Mary Ann: Thank you! I am so glad to be here.
K: I think novellas hold
a special spot in the book world. When
you need just something to take your mind away for a short time, a novella can
be the right choice. Did you set out for
The Story Guy to be a novella or did it just turn out to be novella
length when the story was finished?
MA: I knew I was writing a novella. I like constraints as a
writer and gave myself the novella as a page constraint to explore what I could
fit around what is actually a very simple plot and still maintain pacing and
romantic tension.
What’s more, I was exploring Brian’s story at a particular
turning point or crossroads in what is for him, a very involved and complex
story. Except—without the benefit of his point of view.
I wanted Carrie’s voice to dominate, this woman who had in
many ways drifted a little, had lost track of herself, a little, but who
nevertheless, had all the tools to full engage with her own life—loving friends
and family and an interesting education and a job she loved. I’ve found myself
where Carrie is when we meet her, rich with resources but unmoored. I wondered
what would happen if she met someone who had extraordinarily limited resources
but yearned for what Carrie could have easily—friends, contacts, intimacy
outside of that he had with his sister. After all, he knows how to love, too.
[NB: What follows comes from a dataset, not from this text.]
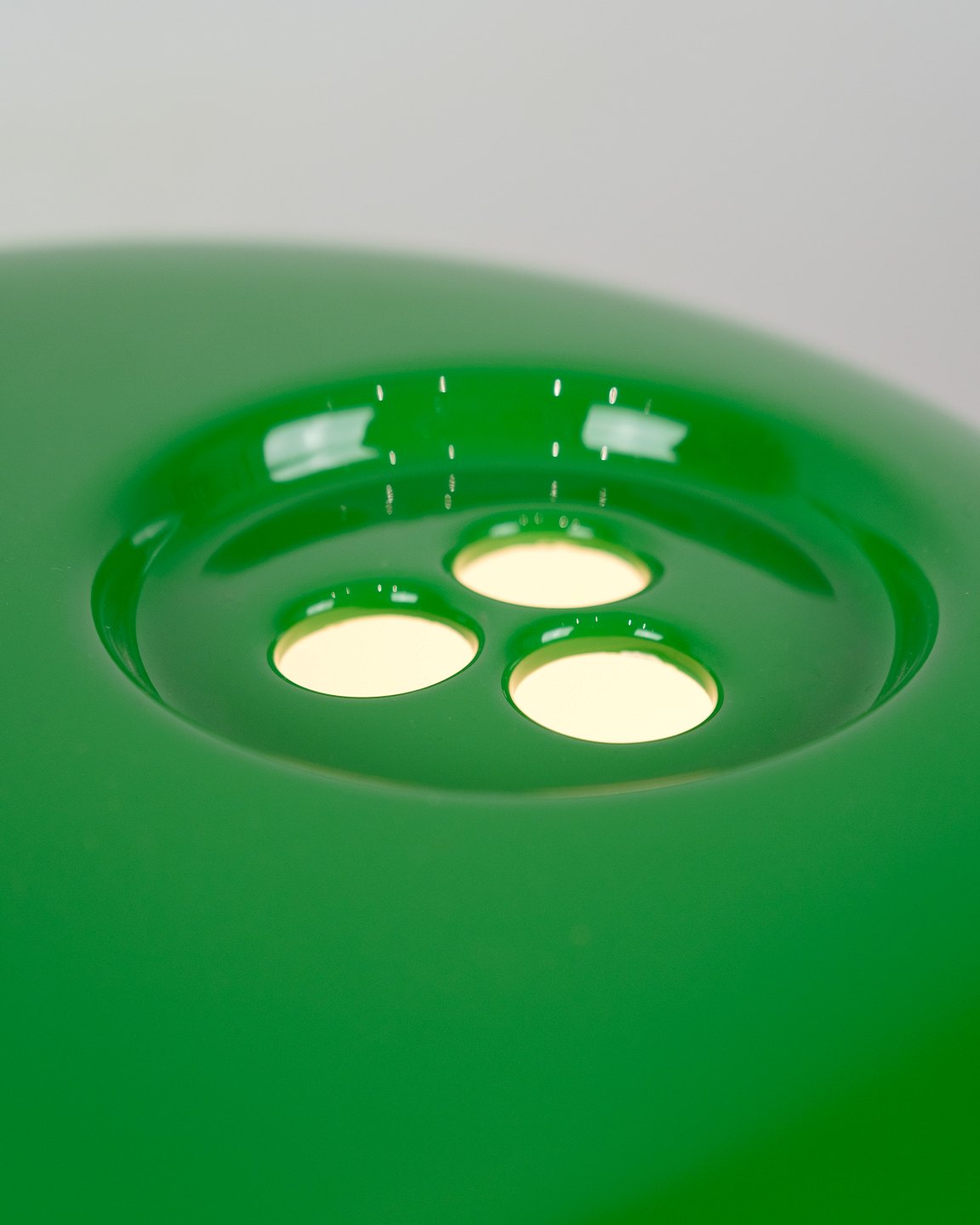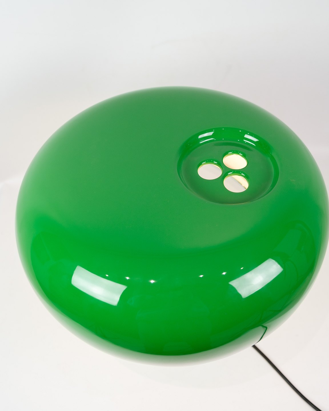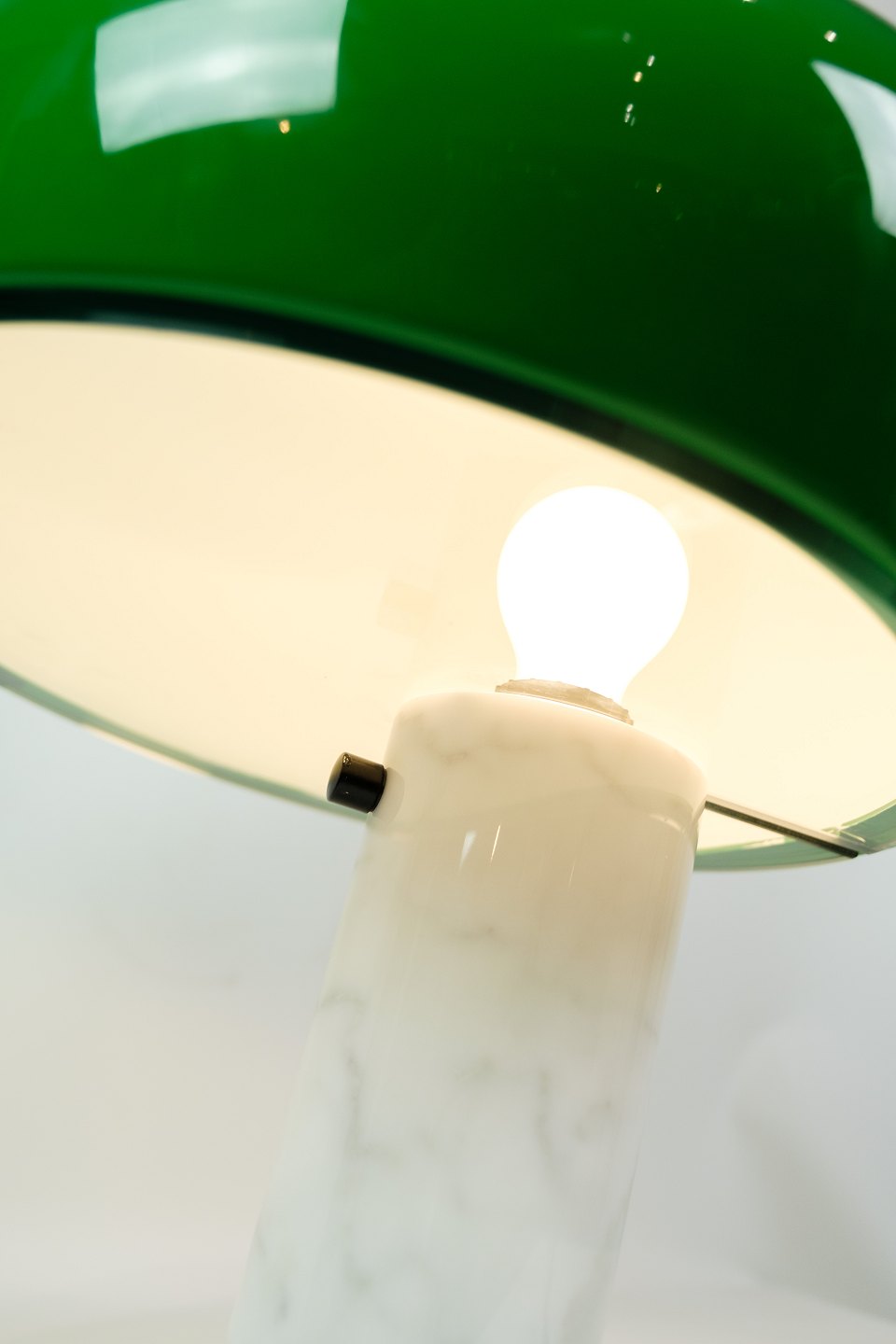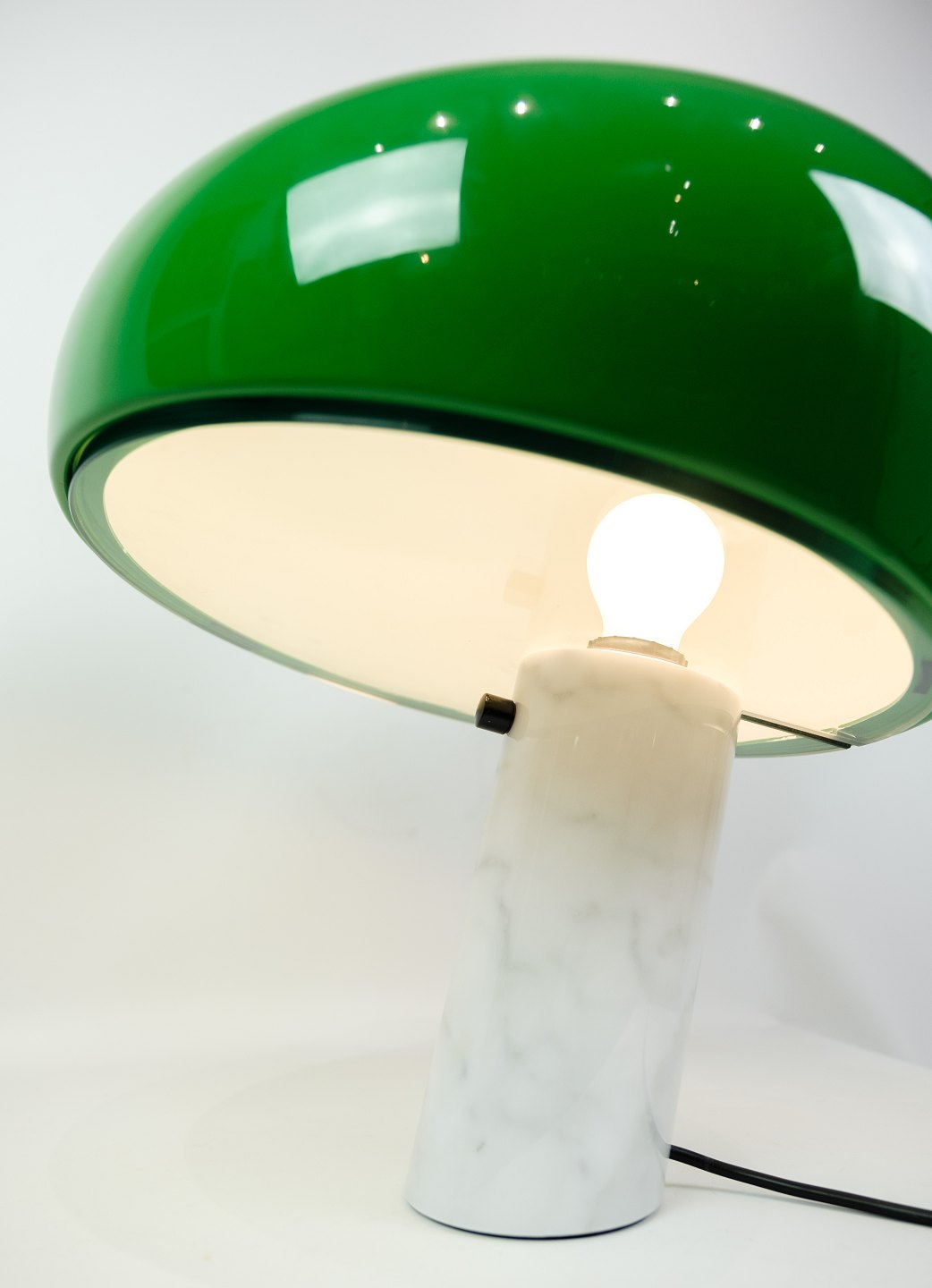 SoldTable lamp with green enamelled metal reflector and white Carrara marble base. The lamp was designed by Achille and Pier Giacomo Castiglioni in 1967. The lamp is made by Flos and the light from the lamp creates a cozy atmosphere.

So while the backstories of these characters might have
filled a novel, I was looking at one particular slice—a time with a run of
insomnia and frustrations for Carrie and a gathering of uncertainty and fear
for Brian. Brian posts his ad because he’s constructed it as a way to cope and
compartmentalize—the kissing hour is a way for him to try to fit in what it is
he really wants, which IS a partner, someone to share a life with. He started
his complicated journey right out of law school, very young, and hasn’t had an
opportunity to figure out how to get what it is he needs, even as he knows what
he wants.
Mostly, I wanted to write something very romantic. I wanted
to show a man who has a need for romance in his life. In spite of the limits he
sets in it, Brian’s ad is very romantic, and dramatic. It calls to Carrie, who
we discover, is ready to try some romantic gestures of her own. I wanted to
write something with that kind of big gesture romance, a little mystery,
something about those kind of gestures and how they happen. So the novella gave
me focus, so I think about those things.
K: I just loved the
opening to The Story Guy. Carrie is surfing online listings looking at
furniture. My sister is the queen at
finding the best quality used furniture online for a steal, I myself have never
found anything I wanted or at a price I was willing to pay. How about you?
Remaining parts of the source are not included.